Never let occurring errors that confuse the reader. You can quickly resolve this by printing a string when an error occurs. Just because programmers often ignore error messages doesn’t mean the program should stop emitting them.
You can always choose to ignore the errors your programs cause explicitly. Just be sure you are making the conscious choice to do so and be clear about it.
If your code isn’t working, there is a reason, and only careful, critical thinking will solve it. Refuse the temptation to try solutions until something seems to work blindly; often, you have merely masked the problem rather than solved it.
It turns out that having three or four different ways to write code that does the same thing is a double-edged sword: you have flexibility in how you write code, but now you have to learn every possible way it could have been written to read it. This flexibility isn’t worth the 3x or 4x effort needed to learn a programming language.
This line is a joke. Guido van Rossum, the creator of Python, is Dutch. Learning or recalling a rule in Python would be easier for him than it would be for anybody else, on average.
This tells us that we should not spend too much time planning and pre-optimizing; get something down that does the job and iterate on it.
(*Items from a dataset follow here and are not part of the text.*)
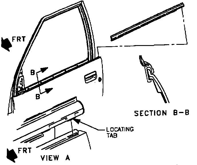 9. Install outer sealing strip by aligning location tab at rear of sealing strip with slot in door panel. Working from the rear forward, push seal strip down on to flange until fully seated.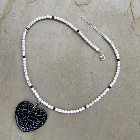 Dragon’s Vein Agate Heart on White Turquoise with Black Spinel and Sterling Silver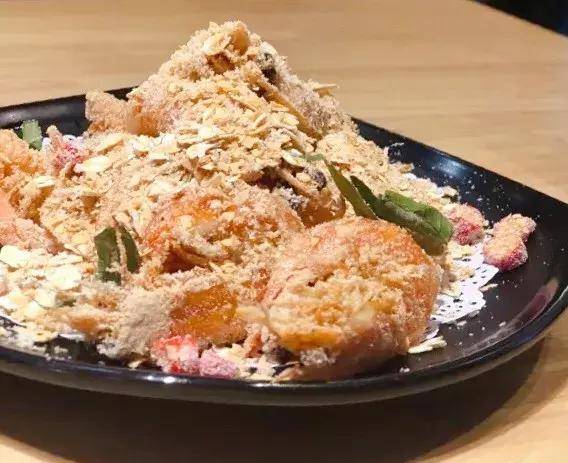 还有一道特色的菜,也值得一提,麦片虾。虾和麦片都能吃,麦片不是那种很甜的,虾炸的也刚刚好,都是新鲜现炸的,口感很特别。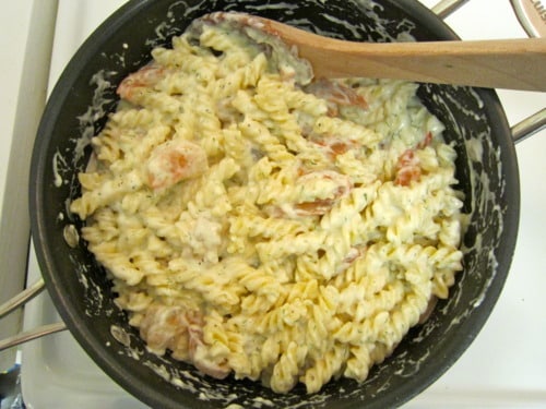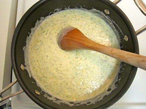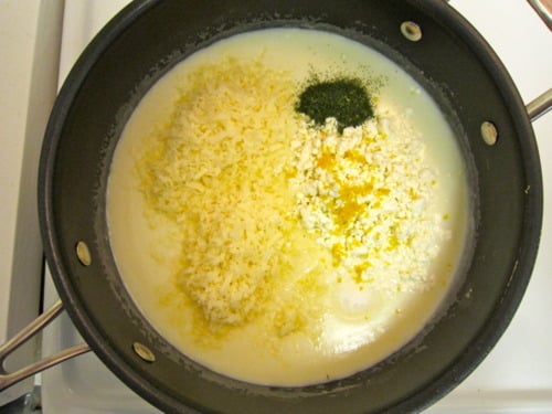 Remove from heat and stir in the remaining goat cheese, Gruyere, Asiago, remaining lemon zest, dill weed, salt and pepper.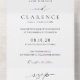 Classic all in one wedding invitation with a simple and minimal black and white design with a combination of traditional serif fonts and an elegant script along with your date in a large format for a modern touch. This elegant wedding invitation is great for a formal wedding.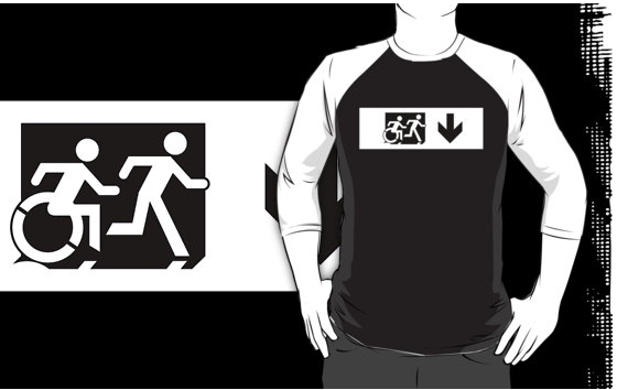 Accessible Exit Sign Project Wheelchair Wheelie Running Man Symbol Means of Egress Icon Disability Emergency Evacuation Fire Safety Adult T-shirt 37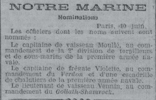 sous-marin allemand U 21 pénètre en Méditerranée. Violette est alors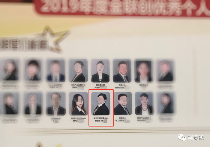 记者在该公司发现,走道墙壁上张贴着“光荣榜”,对2019年度优秀个人和团队作表彰。在16名“明星分析师”中,有张某的名字和相片。她所属部门为“化工产品运营中心橡胶部”。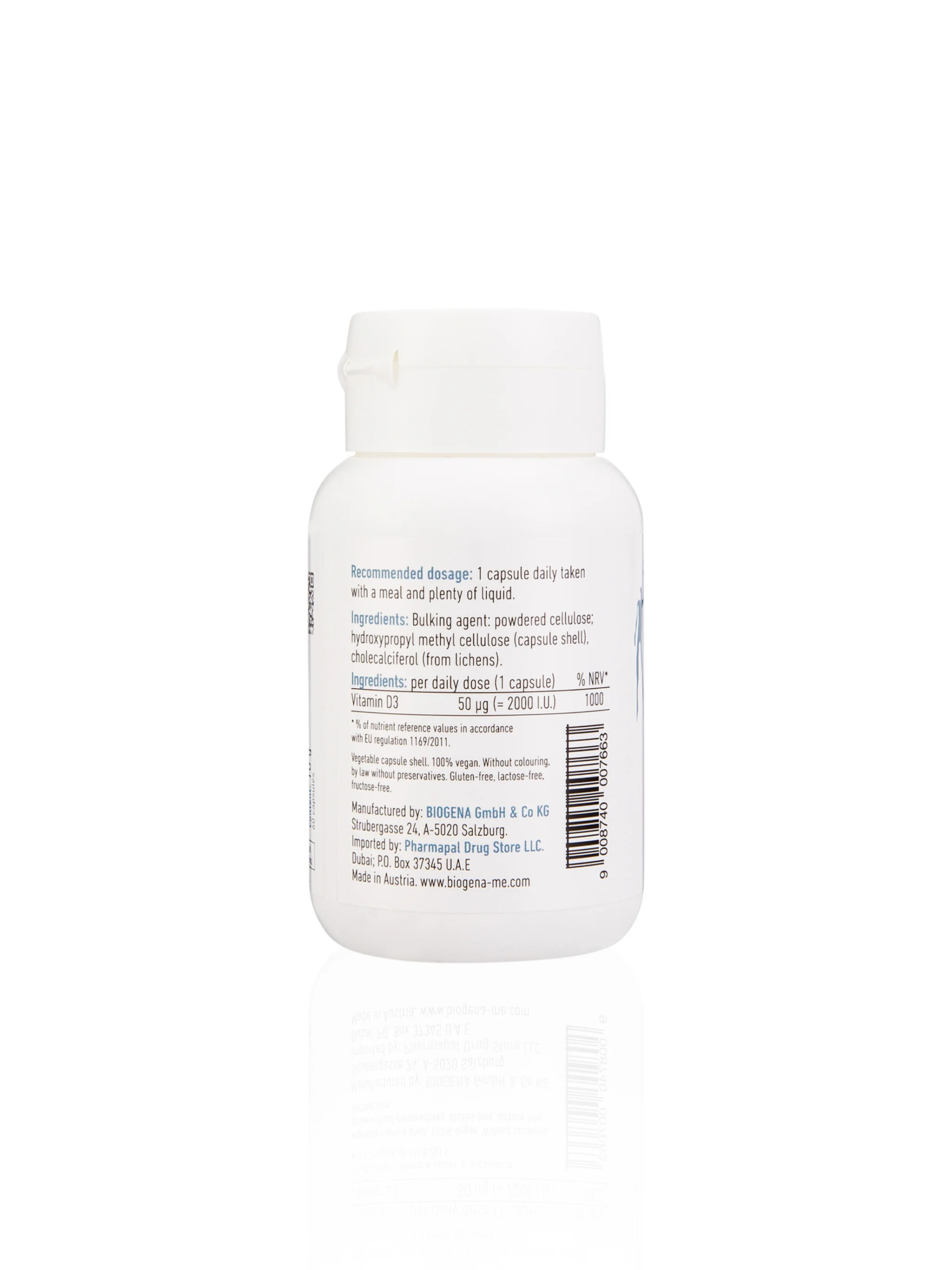Biogena Vitamin D3 2000 vegan offers a high-quality, purely plant-based source of Vitamin D3, derived from sustainably harvested Lichen. Each capsule delivers a potent dose of 50 micrograms (2000 IU) of cholecalciferol, making it an excellent choice for vegetarians, vegans, or anyone preferring a plant-derived Vitamin D supplement.

Don’t procrastinate and Don’t put off the inevitable
This refers to the previous rule that we should put some thought into what we are doing so you don’t head off down a path that later has no graceful way back up.
This tells us that If the implementation is complicated, it is not simple, meaning it is nowhere near a final draft, meaning it’s not good to put out as one.
These two rules remind us that if high-performance code is so complicated as programmers can't understand and debug, it’s destructive code. But alas, just because it’s easy to explain a program’s code to someone else doesn’t mean it isn’t destructive code.
Namespaces (and global and local scopes) are vital for preventing names in one module or scope from conflicting with names in another. But also remember that flat is better than nested: As great as they are, namespaces should be made only to prevent naming conflicts and not add needless categorization.